Stop me if you've heard this before – Alcatel-Lucent (NYSE: ALU) has a bold plan to cut costs, refocus the business, and return the company to profits and prosperity. To be fair, the new CEO does deserve a chance to show if his plan can/will work, and the broad strokes outlined today make sense. Even so, this is Alcatel-Lucent and the telecom equipment industry we're talking about, and success is far from guaranteed.
Cut Costs, Cut Businesses
The centerpieces to the new plan are deep cost cuts and a sharp focus on businesses where Alcatel-Lucent can compete effectively in the coming years.
While the company had been targeting about EUR 500 million in cost cuts by 2015, that target has been doubled.
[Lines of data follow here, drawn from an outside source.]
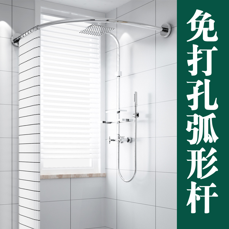 浴室防水シャワーカーテンセット穴なしシャワーカーテンアーチ型シャワートイレ遮断カーテン伸縮l型王小祥
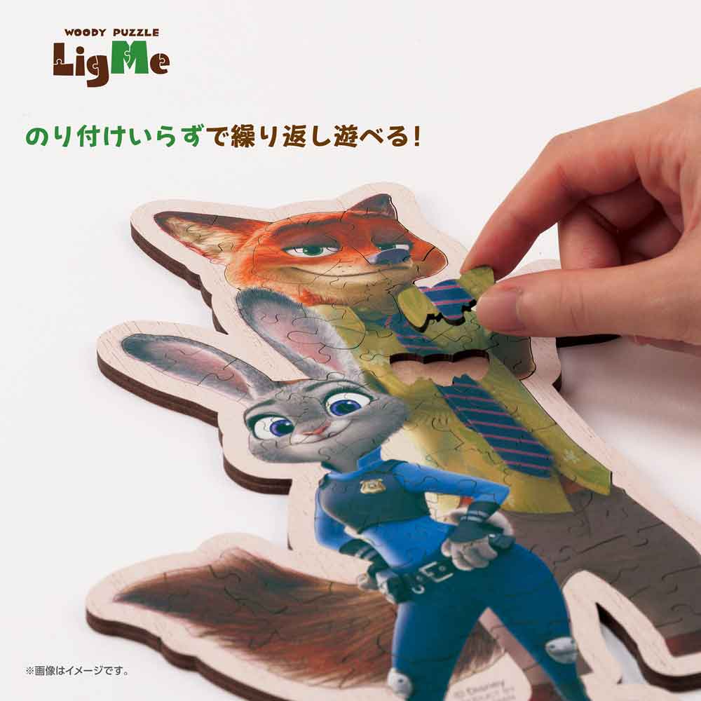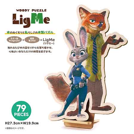 人気作品「ズートピア」より名コンビのジュディとニックが登場。ピースにはズートピアの住人たちが盛りだくさん。「WOODY PUZZLE Lig Me」とは、レーザーで精密にカットされた木製ジグソーパズル。木のぬくもり感じる質感のピースには、作品を象徴するキャラクターやアイコンピースが含まれています。ファンならではの発見や「あなただけの」遊び心で、パズルを組み立てながら作品世界をより深く味わえます。付属の木製イーゼルで「私らしく」いられる場所にインテリアとして飾ることができます。
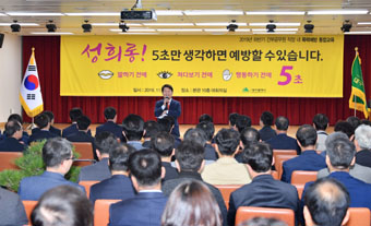 오전, 오후 두 차례로 나눠 실시하는 금번 교육은 5급 이상 간부공무원을 대상으로 법무법인 온세상의 김재련 변호사를 초빙해 ‘당신은 폭력으로부터 자유로운가요?’라는 주제로, 폭력을 바라보는 관점, 폭력의 형태, 상황발생시 대응전략 등에 관한 강의와 질의 응답하는 순서로 2시간 동안 진행됐다.
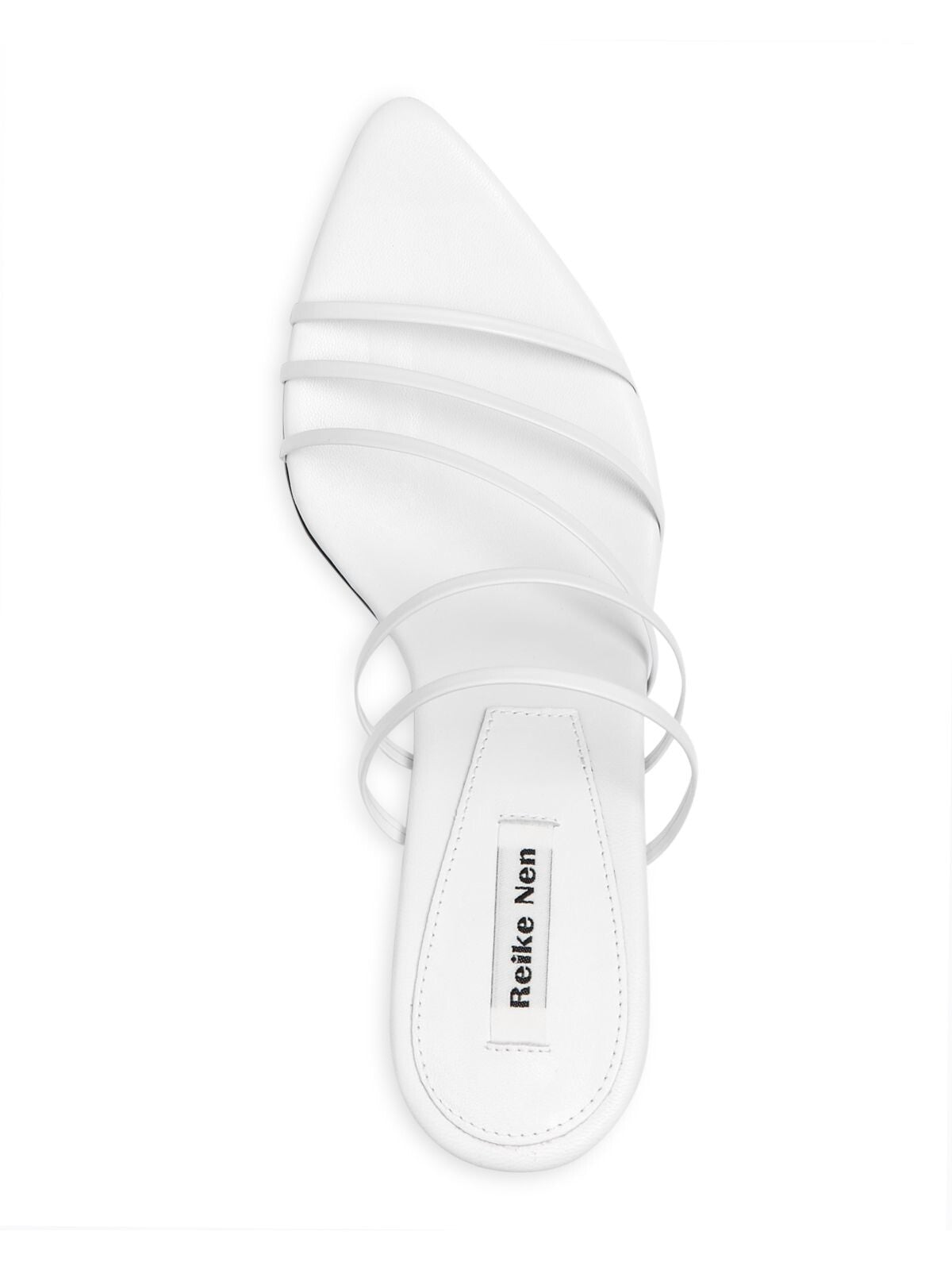 REIKE NEN Womens White Strappy Padded Pointed Toe Sculpted Heel Slip On Leather Dress Slide Sandals Shoes

Management intends to achieve this by increasing its direct channel focus with sales and marketing and reducing the scope of its R&D. That's an interesting move, particularly given how many Alcatel-Lucent bulls try to point to the company's patent estate as a store of future value. While it makes ample sense to reduce the scope of R&D (translating those patents into real products and real revenue streams has not gone well), I wonder how it will go over with shareholders.
On the other side, management will still look to sell businesses where it does not believe it has a long-term competitive edge. In particular, management is retrenching around its IP networking and Access businesses, and hopes to raise upwards of EUR 1 billion by selling the rest.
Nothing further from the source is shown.